<<<<

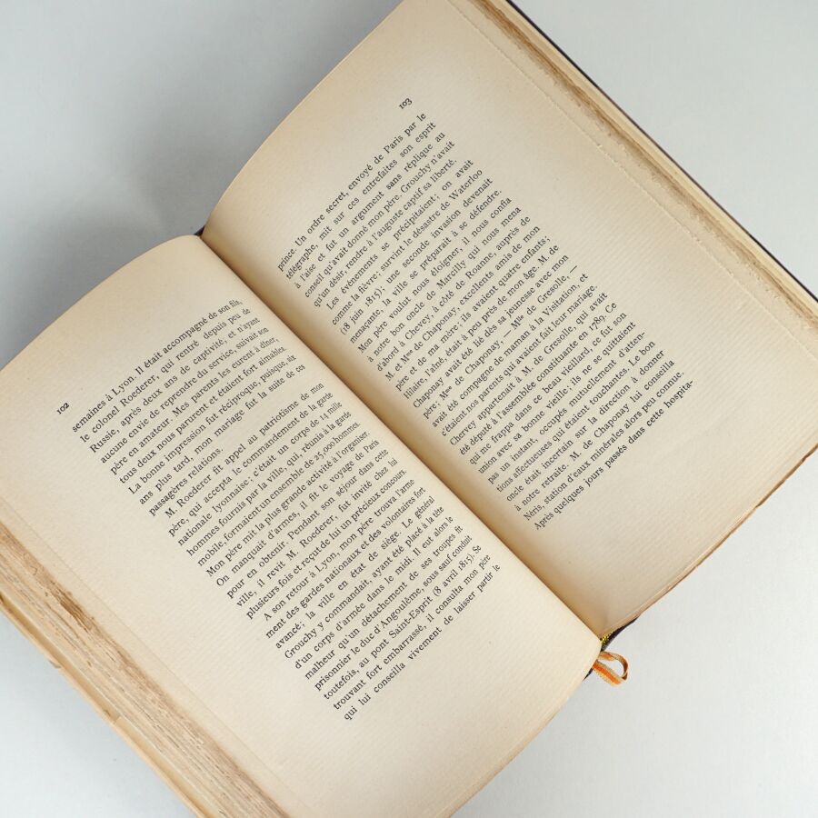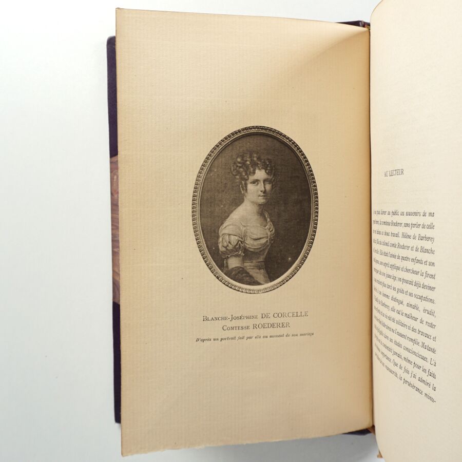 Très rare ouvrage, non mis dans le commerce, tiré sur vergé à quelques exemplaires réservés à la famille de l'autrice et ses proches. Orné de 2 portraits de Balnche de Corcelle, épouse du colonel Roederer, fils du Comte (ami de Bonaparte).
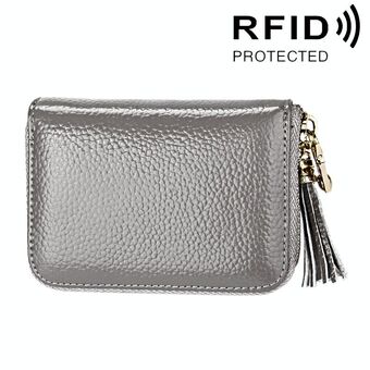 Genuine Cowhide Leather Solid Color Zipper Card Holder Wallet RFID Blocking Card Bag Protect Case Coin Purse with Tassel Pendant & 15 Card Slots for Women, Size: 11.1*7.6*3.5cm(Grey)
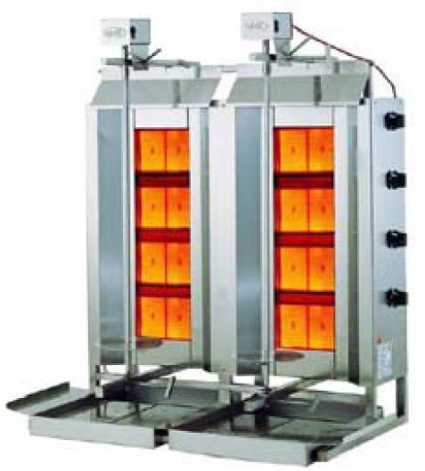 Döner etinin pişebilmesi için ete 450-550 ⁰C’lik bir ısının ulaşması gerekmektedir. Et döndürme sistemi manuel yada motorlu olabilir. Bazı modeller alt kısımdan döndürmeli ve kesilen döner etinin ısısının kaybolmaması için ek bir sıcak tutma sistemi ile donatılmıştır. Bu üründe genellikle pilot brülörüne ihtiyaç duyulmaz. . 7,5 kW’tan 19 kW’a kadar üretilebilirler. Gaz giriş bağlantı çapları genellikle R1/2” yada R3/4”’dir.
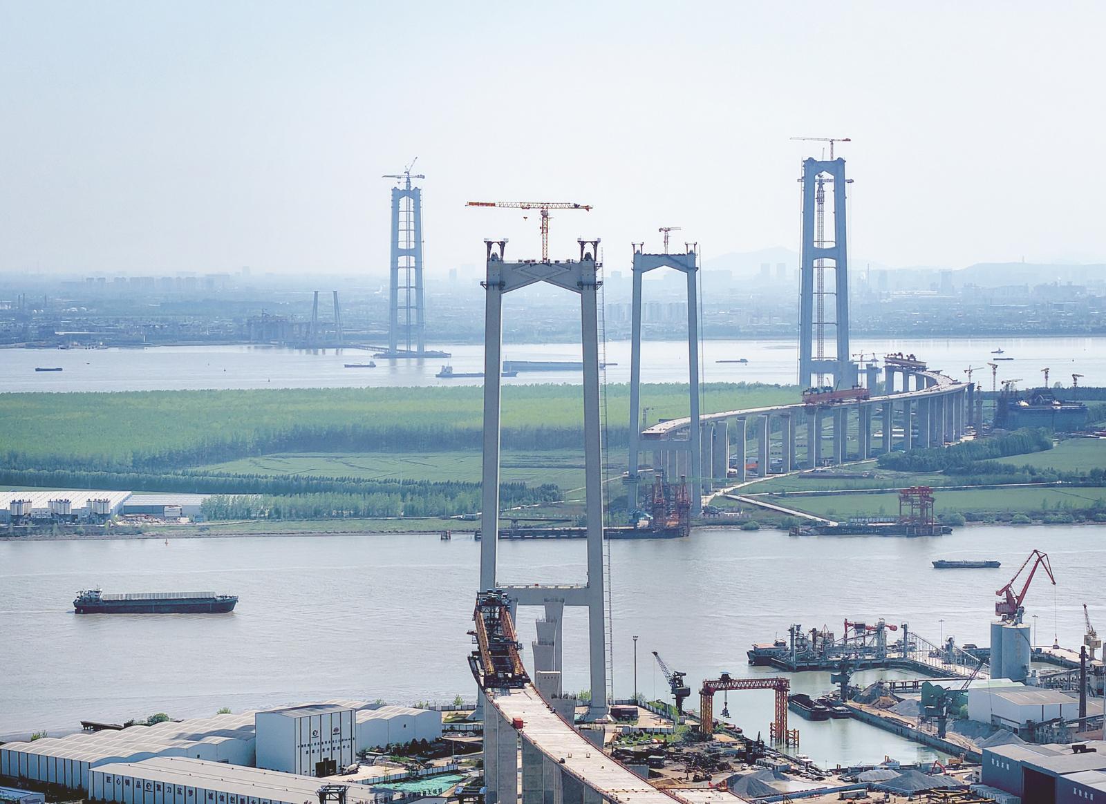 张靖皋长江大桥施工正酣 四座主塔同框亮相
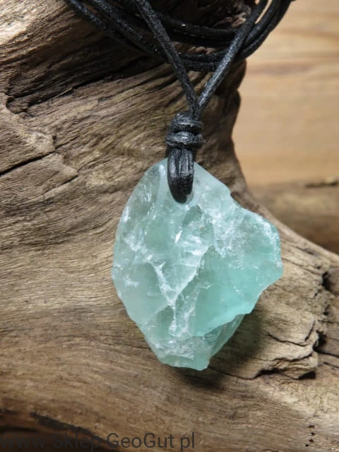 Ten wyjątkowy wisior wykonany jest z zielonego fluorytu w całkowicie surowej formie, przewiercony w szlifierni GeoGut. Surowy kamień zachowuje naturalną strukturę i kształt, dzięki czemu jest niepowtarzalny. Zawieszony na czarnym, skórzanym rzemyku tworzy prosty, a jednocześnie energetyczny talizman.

>>>>

» **Try it**: Go from the first line of the listing to the line holding "Genuine Cowhide Leather" and, please, transcribe those lines exactly, both included, with no pictures.

» **Result**:
 Très rare ouvrage, non mis dans le commerce, tiré sur vergé à quelques exemplaires réservés à la famille de l'autrice et ses proches. Orné de 2 portraits de Balnche de Corcelle, épouse du colonel Roederer, fils du Comte (ami de Bonaparte).
 Genuine Cowhide Leather Solid Color Zipper Card Holder Wallet RFID Blocking Card Bag Protect Case Coin Purse with Tassel Pendant & 15 Card Slots for Women, Size: 11.1*7.6*3.5cm(Grey)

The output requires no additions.